We've seen government take a more thoughtful approach to issues like this. In the midst of the global supply chain disruptions, the government launched a national supply chain task force with the objective of making independent recommendations regarding short- and long-term actions to alleviate supply chain congestion.
I recommend that the government launch a food value chain task force. The task force should have three priority mandates. First, it should build on StatsCan's data hub by producing detailed analysis on food inflation drivers along the value chain. Second, it should make concrete recommendations for the public and private sector with a focus on where Canadians can act. This should include retail, but it must also include an examination of systemic issues—including supply chain fluidity, regulatory burden, taxes, underinvestment in R and D and declines in productivity growth—and make recommendations that can drive those costs down.

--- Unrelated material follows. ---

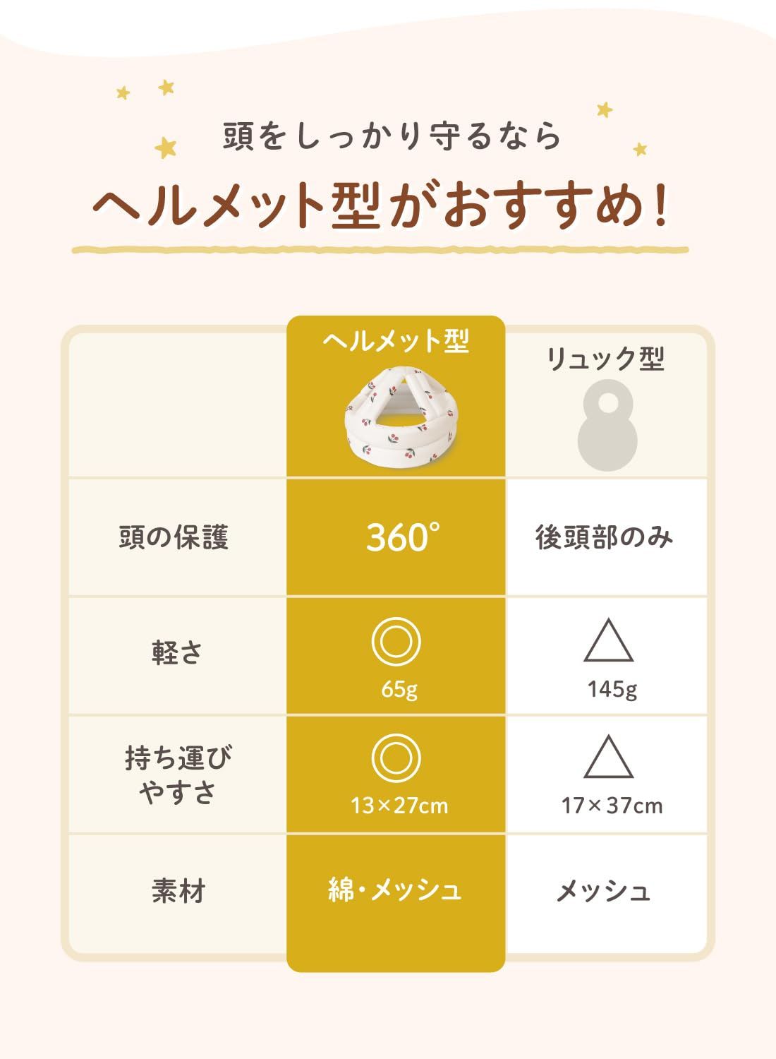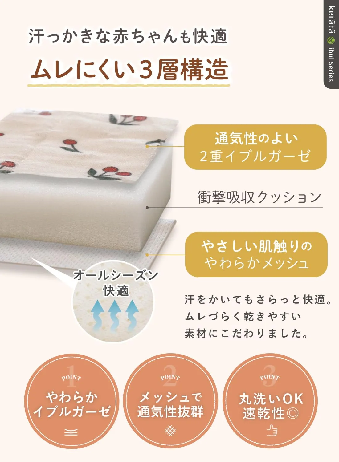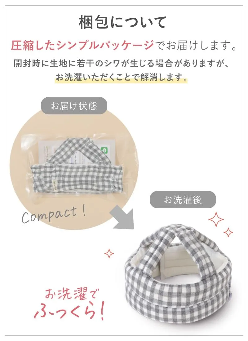 【赤ちゃんの負担にならない工夫】厚さ2cmのふかふかなクッションで万が一赤ちゃんがごっつんしても、転倒時の衝撃をやわらげます。内側には肌触りのやさしい、やわらかいメッシュがついているのでがんばり屋さんで汗っかきな赤ちゃんもムレなく、サラリと快適な着け心地です。また、イブルガーゼ素材でできているので重さはたったの65g。バランスが取れない赤ちゃん、帽子やかぶりものが苦手なお子さまへの負担を軽減します。

Finally, it should look at where the government can act to support those Canadians who are hardest hit by higher food prices. Food Banks Canada gave Canada a D+ in its inaugural poverty report card, highlighting that the impact of food price inflation is a broader poverty challenge that must involve solutions beyond the food system's scope.
Unfortunately, the supply chain task force has shown that writing the action plan can be the easy part. Acting on it is much harder. Complex issues do not always lend themselves to the silver bullets that governments seem to prefer. While it is easy to say that all options are on the table to stabilize prices, there seems to be a focus on the retail sector, with other more sensitive but potentially more impactful policy changes actually off the table.
As food inflation shows, many of these systemic issues and pressures will remain. Even if the political pressure falls as food inflation falls too, the opportunity will still exist to do something substantive. It may not be easy, but it will be worthwhile.